_Extracted records_.
__________________________________________________

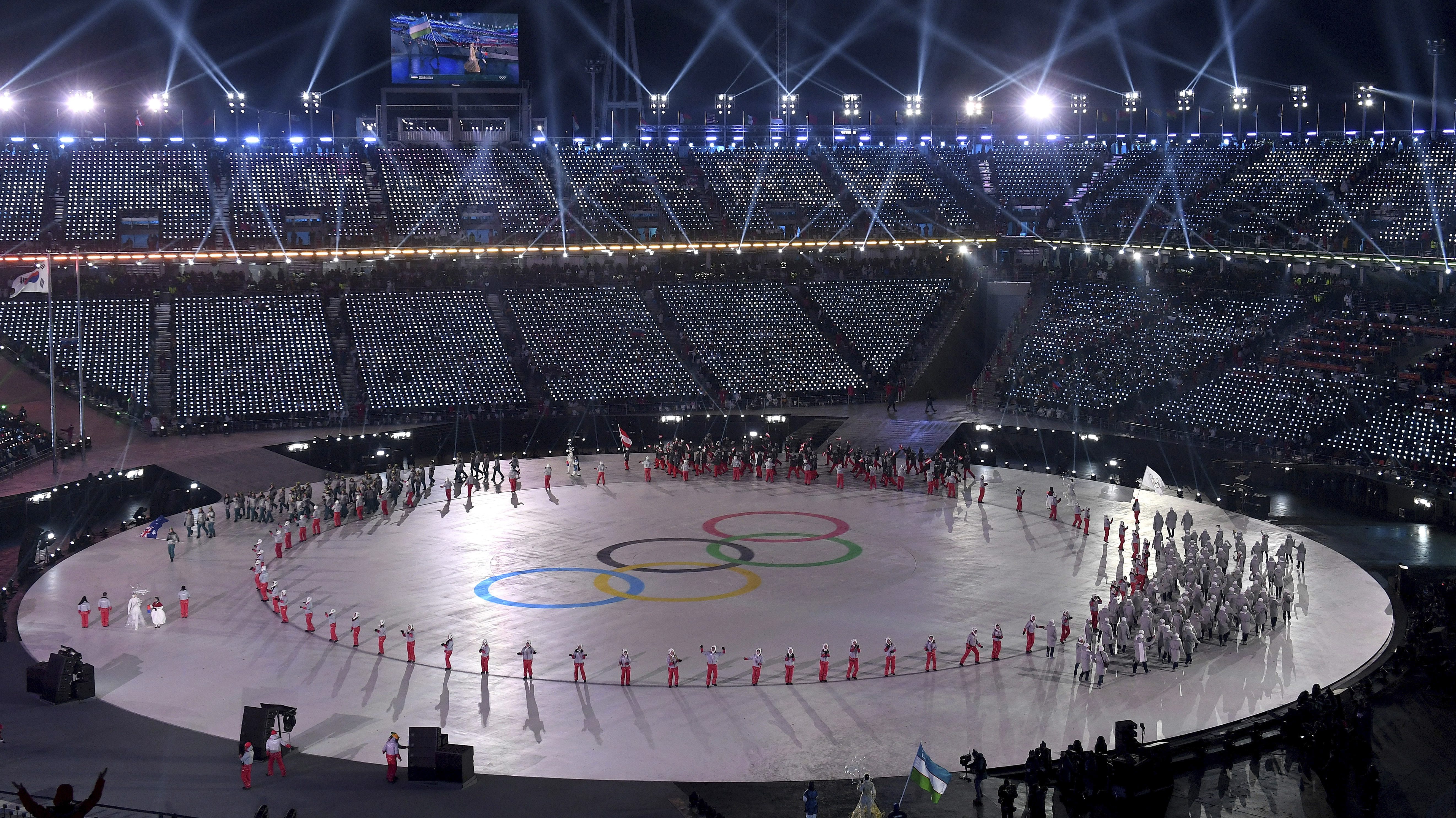 The opening ceremonies included 168 Russian athletes who marched under the “Olympic Athletes from Russia” banner, wearing neutral uniforms.
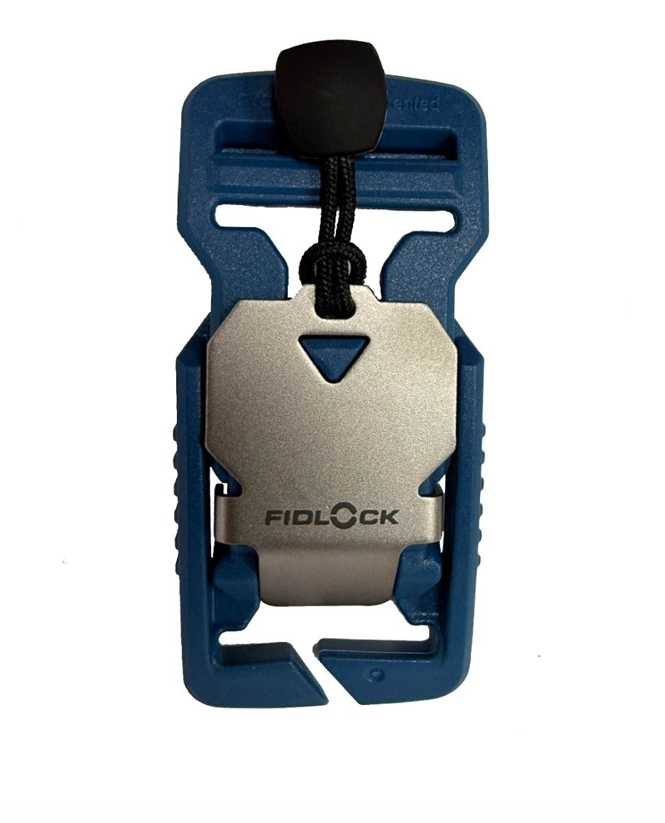 Blue Fidlock V-Buckle - 25mm / 1" Split bar + Stainless Steel Pull Tab (Pantone 7699c)
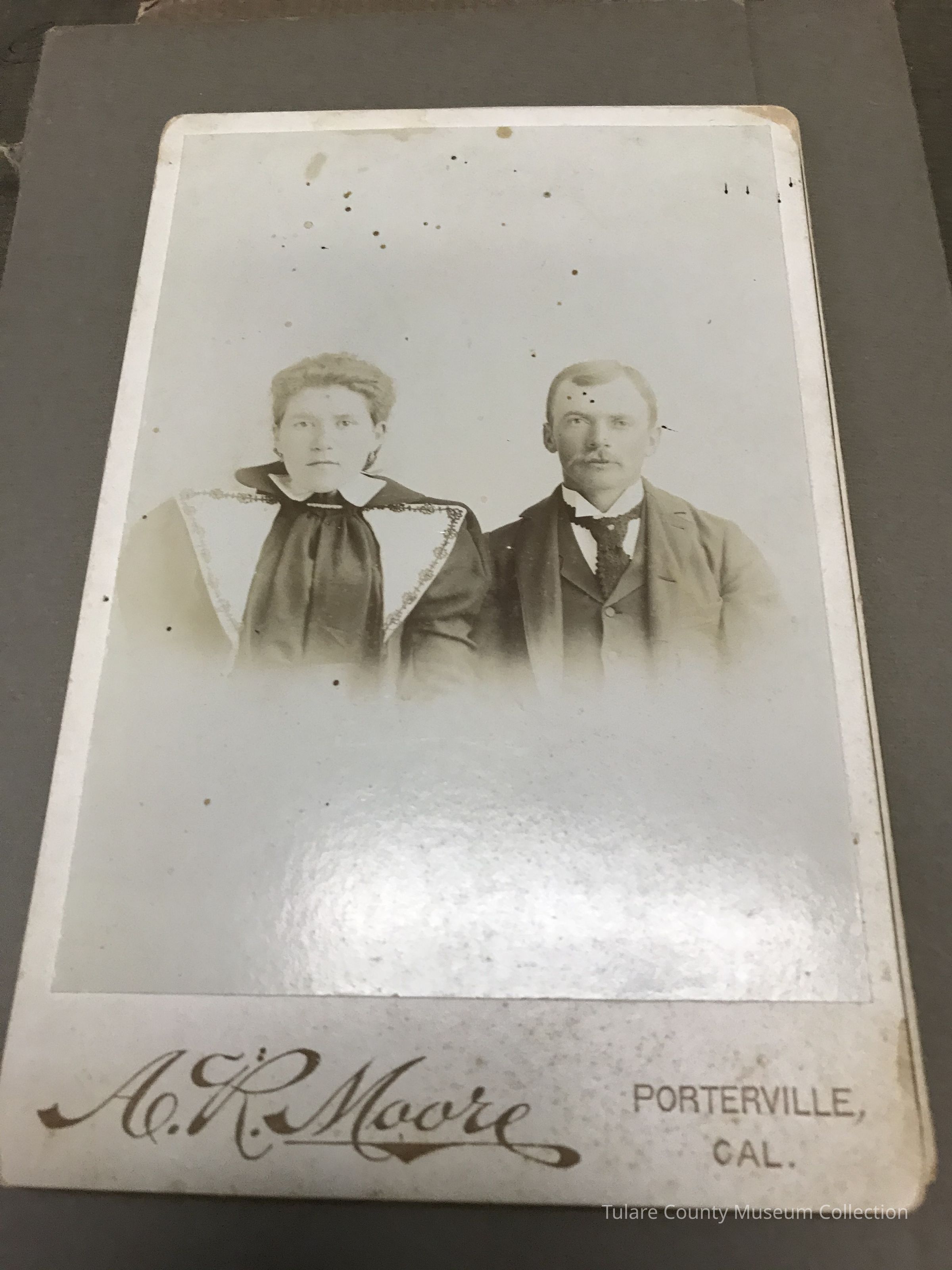3x5 black and white picture of Edith & Fred Gibson. Printed on cardboard by A. R. Moore of Porterville, CA.
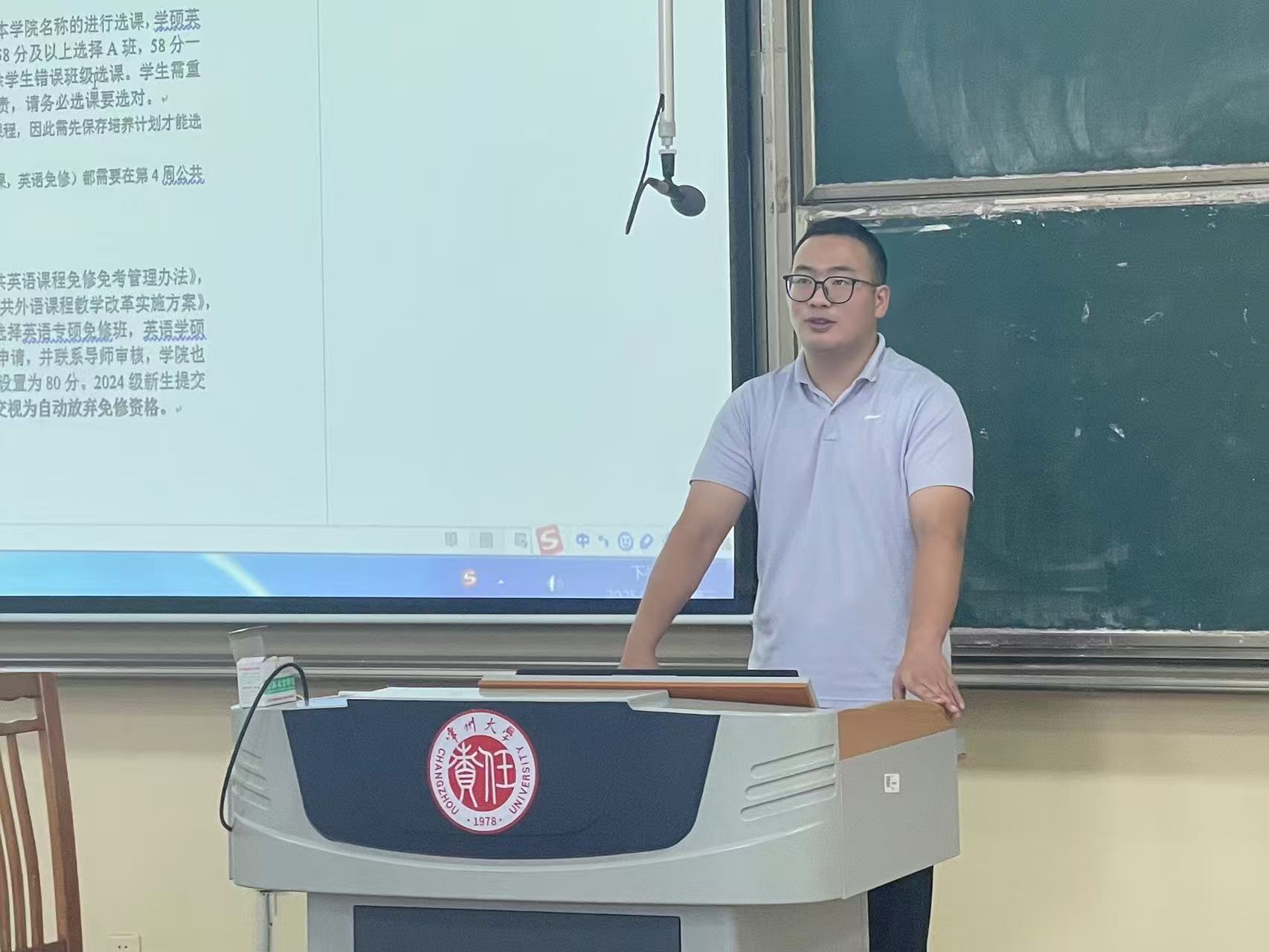 會上,趙彩霞、劉爽簡要介紹了自身工作內(nèi)容,并圍繞 “常州城市文化”、“常州大學校史”、“學院部門及其職能”、“學習科研與職業(yè)規(guī)劃”、“規(guī)章制度與評獎評優(yōu)”、“安全教育”六大核心板塊進行講解。隨后,研究生輔導員吳林就研究生綜合素質(zhì)評價與獎助學金評定的相關(guān)政策辦法進行了詳細解讀,幫助同學們明晰了未來努力的方向。接下來,學院研究生會主席呂燁松對研會各部門職能作了系統(tǒng)介紹,并鼓勵研究生新生踴躍報名加入,在實踐中鍛煉自我、服務(wù)同學、貢獻力量。最后,趙彩霞、劉爽分別對大會內(nèi)容進行總結(jié),希望同學們盡快適應(yīng)新環(huán)境、新身份,科學規(guī)劃研究生生活,積極參與學術(shù)研究與校園活動,全面提升綜合素養(yǎng)。
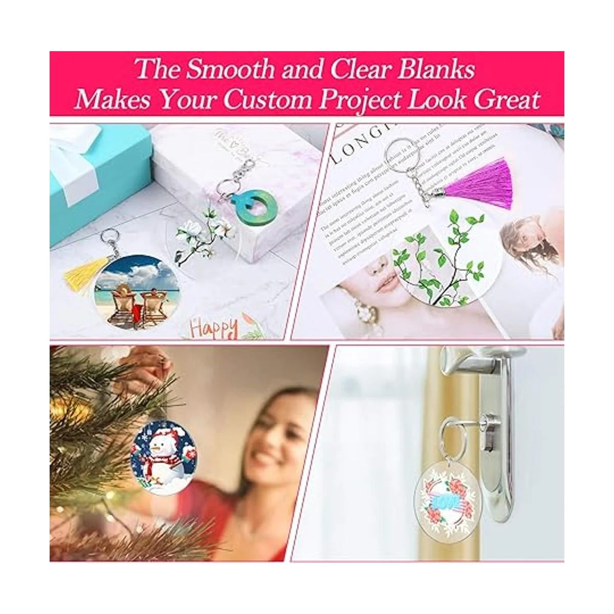 Amplia aplicación: nuestros discos acrílicos para manualidades se pueden aplicar como llaveros, base de luz LED, etiqueta de bolsa de mochila, adornos acrílicos, tarjetas de lugar acrílicas, etiqueta de regalo, proyecto de manualidades para adultos/niños, regalo de Navidad, placas de nombre, etc. También se puede utilizar con tu buena imaginación como un colgante para decorar tu fiesta, cita, boda o como un recuerdo especial.
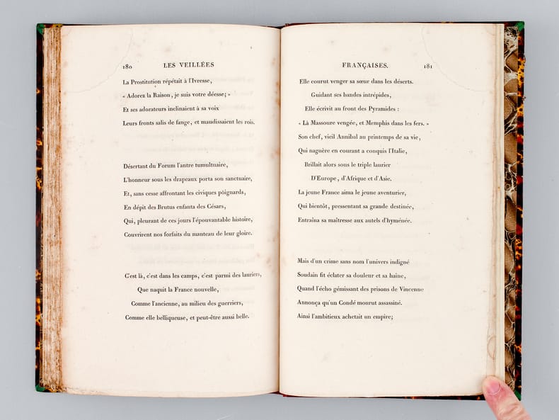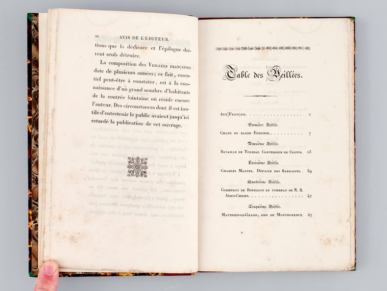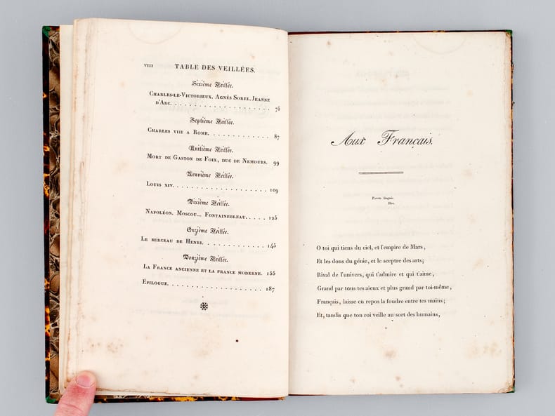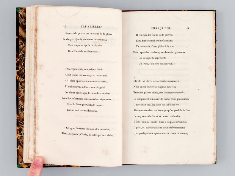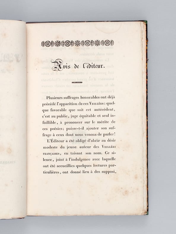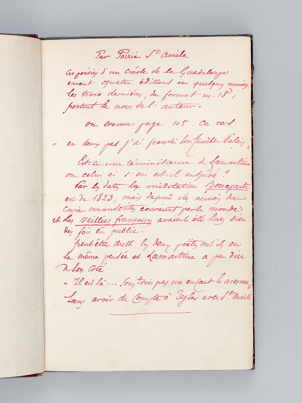Rare exemplaire de l'édition origines des "Veillées françaises" du poète créole de la Guadeloupe, Porié Saint-Aurèle (1785-1855). Une longue et intéressante note manuscrite anonyme (à l'encre rouge, en seconde garde blanche) évoque les ressemblances de certains vers de Poirié Saint-Aurèle avec ceux de Lamartine : "Par les dates, la méditation "Bonaparte" est de 1823, mais depuis des années des copies manuscrites couraient par le monde et les "Veillées Françaises" avaient été lues bien des fois en public. Peut-être aussi les deux poëtes ont ils eu la même pensée [... ]". Bon état (petite mouill. marginale intérieure en tête, ancienne trace d'ex-libris en garde, qq. rouss., bon exemplaire par ailleurs) pour cette rare édition originale du poète romantique de la Guadeloupe Jean Pierre Aurèle Poirié dit Poirié Saint-Aurèle.
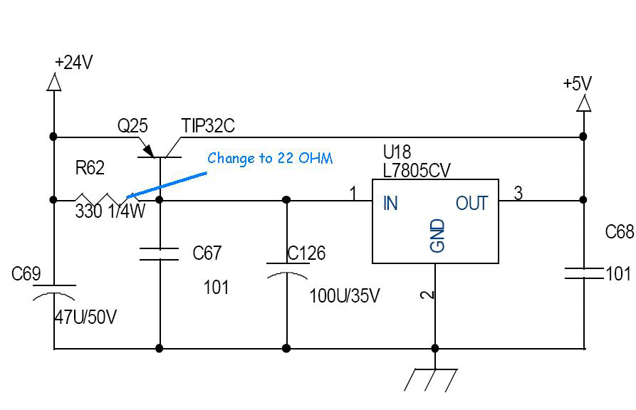 图为在非常流行的经典电路上做小许改动的电路图. 电路目的: 1)+24V 转换为+5V +/-5%2)可提供+2A以上的电流.主要元件: TIP32C (ST)L7805CV (ST)图中的R62,在实际应用中已经更改为22 OHM.功率元件TIP32C已经加散热片
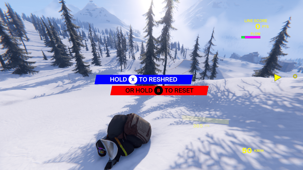 Hitting tricks and running solid lines down the slope is the name of the game, but Shredders can get a little hand-crampy at times in its attempt to mimic and pay homage to its predecessors. Tricks are done by grabbing the left or right of your board with LB or RB while moving the Right Stick wherever you want for a designated trick. You’ll also need to use the Right Stick to prep which direction you want to spin. You’ll also need to prep your jump by holding RT until release to get more air. You’ll also also need to hit LT before land to stabilize yourself. It can become a lot and most of the trick catalog slowly gets swallowed by the amount of input required to complete just one.
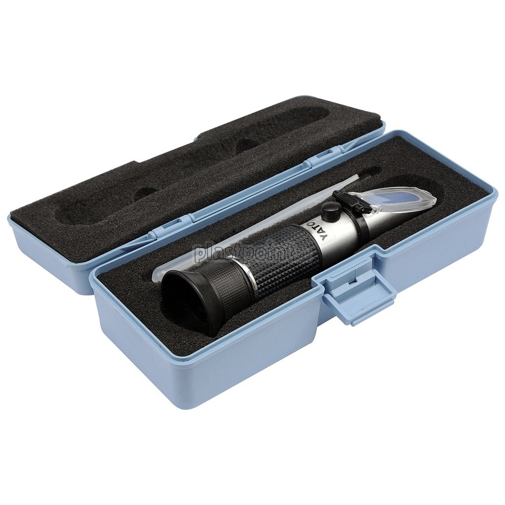 Refraktometer je zariadenie, pomocou ktorého je možné stanoviť fyzikálne vlastnosti kvapalín meraním ich refrakčného indexu na rozhraní prostredia.

__________________________________________________

_WHAT YOU HAVE TO DO_. What you return must be the entries above, exactly as they appear, without any pictures.

_REPLY TO THE EXERCISE_.
 The opening ceremonies included 168 Russian athletes who marched under the “Olympic Athletes from Russia” banner, wearing neutral uniforms.
 Blue Fidlock V-Buckle - 25mm / 1" Split bar + Stainless Steel Pull Tab (Pantone 7699c)
3x5 black and white picture of Edith & Fred Gibson. Printed on cardboard by A. R. Moore of Porterville, CA.
 會上,趙彩霞、劉爽簡要介紹了自身工作內(nèi)容,并圍繞 “常州城市文化”、“常州大學校史”、“學院部門及其職能”、“學習科研與職業(yè)規(guī)劃”、“規(guī)章制度與評獎評優(yōu)”、“安全教育”六大核心板塊進行講解。隨后,研究生輔導員吳林就研究生綜合素質(zhì)評價與獎助學金評定的相關(guān)政策辦法進行了詳細解讀,幫助同學們明晰了未來努力的方向。接下來,學院研究生會主席呂燁松對研會各部門職能作了系統(tǒng)介紹,并鼓勵研究生新生踴躍報名加入,在實踐中鍛煉自我、服務(wù)同學、貢獻力量。最后,趙彩霞、劉爽分別對大會內(nèi)容進行總結(jié),希望同學們盡快適應(yīng)新環(huán)境、新身份,科學規(guī)劃研究生生活,積極參與學術(shù)研究與校園活動,全面提升綜合素養(yǎng)。
 Amplia aplicación: nuestros discos acrílicos para manualidades se pueden aplicar como llaveros, base de luz LED, etiqueta de bolsa de mochila, adornos acrílicos, tarjetas de lugar acrílicas, etiqueta de regalo, proyecto de manualidades para adultos/niños, regalo de Navidad, placas de nombre, etc. También se puede utilizar con tu buena imaginación como un colgante para decorar tu fiesta, cita, boda o como un recuerdo especial.
Rare exemplaire de l'édition origines des "Veillées françaises" du poète créole de la Guadeloupe, Porié Saint-Aurèle (1785-1855). Une longue et intéressante note manuscrite anonyme (à l'encre rouge, en seconde garde blanche) évoque les ressemblances de certains vers de Poirié Saint-Aurèle avec ceux de Lamartine : "Par les dates, la méditation "Bonaparte" est de 1823, mais depuis des années des copies manuscrites couraient par le monde et les "Veillées Françaises" avaient été lues bien des fois en public. Peut-être aussi les deux poëtes ont ils eu la même pensée [... ]". Bon état (petite mouill. marginale intérieure en tête, ancienne trace d'ex-libris en garde, qq. rouss., bon exemplaire par ailleurs) pour cette rare édition originale du poète romantique de la Guadeloupe Jean Pierre Aurèle Poirié dit Poirié Saint-Aurèle.
 图为在非常流行的经典电路上做小许改动的电路图. 电路目的: 1)+24V 转换为+5V +/-5%2)可提供+2A以上的电流.主要元件: TIP32C (ST)L7805CV (ST)图中的R62,在实际应用中已经更改为22 OHM.功率元件TIP32C已经加散热片
 Hitting tricks and running solid lines down the slope is the name of the game, but Shredders can get a little hand-crampy at times in its attempt to mimic and pay homage to its predecessors. Tricks are done by grabbing the left or right of your board with LB or RB while moving the Right Stick wherever you want for a designated trick. You’ll also need to use the Right Stick to prep which direction you want to spin. You’ll also need to prep your jump by holding RT until release to get more air. You’ll also also need to hit LT before land to stabilize yourself. It can become a lot and most of the trick catalog slowly gets swallowed by the amount of input required to complete just one.
 Refraktometer je zariadenie, pomocou ktorého je možné stanoviť fyzikálne vlastnosti kvapalín meraním ich refrakčného indexu na rozhraní prostredia.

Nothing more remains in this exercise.